B1 18 B8 A1 29 10 00 00 00 68 0B 00 00 00 00 00 00 00 E6 B9 98 29 CA 9A EE A9 A1 8D FC C7 95 2C C6 A9 AC C3 52 08 00 96 69 99 1D 58 5A D0 B2 78 0B 27 64 11 6F FA 07 00 00 00 16 38 AC 00 00 20
B1 18 C8 A0 29 10 00 00 00 50 0B 00 00 00 00 00 00 00 F3 79 A1 32 3A 92 06 5A A3 90 6C C8 98 0C C6 AB 3C C3 4E 08 00 A2 49 9A 18 58 45 CF E2 71 2A F7 65 0F 7F FA 05 00 00 00 16 38 AC 00 00 20
B1 18 58 A5 29 10 00 00 00 5F 0B 00 00 00 00 00 00 00 43 9A 8A 43 EA 9F 0A DA A3 80 1C C7 83 9C C6 A5 DC C4 67 08 00 AF 19 9B 36 18 40 D1 72 82 88 88 5E 0F 6F FA 0C 15 08 00 16 38 AC 00 00 20
B1 18 E8 A4 29 10 00 00 00 76 0B 00 00 00 00 00 00 00 F0 D8 A3 00 BA A2 04 5A A3 80 3C C7 7E CC C6 A5 FC C4 63 08 00 AD B9 9A 33 58 38 D1 82 87 31 98 5C 10 6F FA 0B C1 05 00 16 38 AC 00 00 20

FOX-1B:

D2 00 D8 42 82 10 DC 88 D7 49 3D 7D C7 27 7D 13 87 77 01 60 AA D3 91 B1 F7 5A A6 00 F0 72 01 90 74 35 07 6D 85 08 00 CA EB 78 3D C7 02 A5 C8 7F A0 B8 5D 00 D9 09 11 75 0B 01 06 38 05 01 00 55
D2 00 78 41 82 10 E1 E8 D7 4F FD 7C C4 C7 7C 0E 27 77 01 40 AE ED AA 76 F2 3A B4 00 80 72 2E D7 6E 32 57 6D 7D 08 00 CF FB 77 31 B7 5E A7 62 8B 55 58 5F 01 30 6B 08 00 00 00 06 38 F4 01 00 20
D2 00 F0 46 82 10 DD A8 D7 4A CD 7D D0 C7 7D 16 17 78 01 10 5C FF 5A B0 FD 0A A7 00 B0 4C 3C C7 73 39 E7 6D 9C 08 00 C5 2B 7B 5F 67 5F AA 72 71 82 97 61 01 E0 68 04 01 01 01 06 38 F4 01 00 20
D2 00 20 45 82 10 DC 78 D7 46 8D 7D CC 77 7D 32 C7 77 01 50 67 03 1B B1 FC 7A A5 00 90 5D 3C 47 74 38 C7 6C 90 08 00 C1 4B 7A 50 F7 72 A9 F2 74 3A 18 5E 00 30 65 08 00 00 00 06 38 F4 01 00 20

As there are only a few frames from FOX-1D I didn’t add them in here.

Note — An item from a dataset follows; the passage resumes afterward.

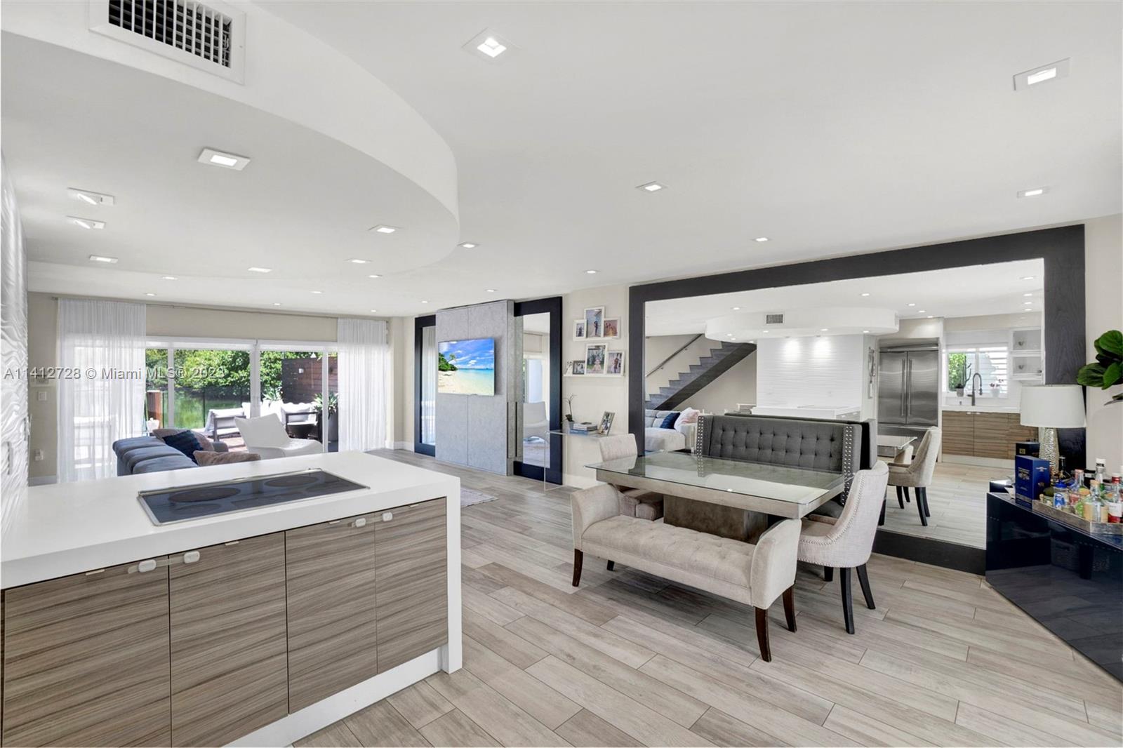 Fall in love with this remarkable 2 story townhouse 2 bedroom plus den 2 1/2 bath, waterfront with a spacious private deck with a 32 ft dock for your boat, with access to the ocean and no fixed bridges, within a five minute walk to the beach. Amazing view from living room to open bay and protected part of the Biscayne Estuary. Open floor plan, updated, master bedroom view to bay and no association

Looks like something is wrong with them

You can convert and upload these frames copy&pasting them into an empty file, save and use xxd on the commandline to get binary files needed by the kaitai WebIDE.

$ xxd -r -p fox-1a-01.txt fox-1a-01.bin

Thanks for reading, 73,
Patrick

Addendum: The last 13 bits of “Realtime Telemetry” are missing for now.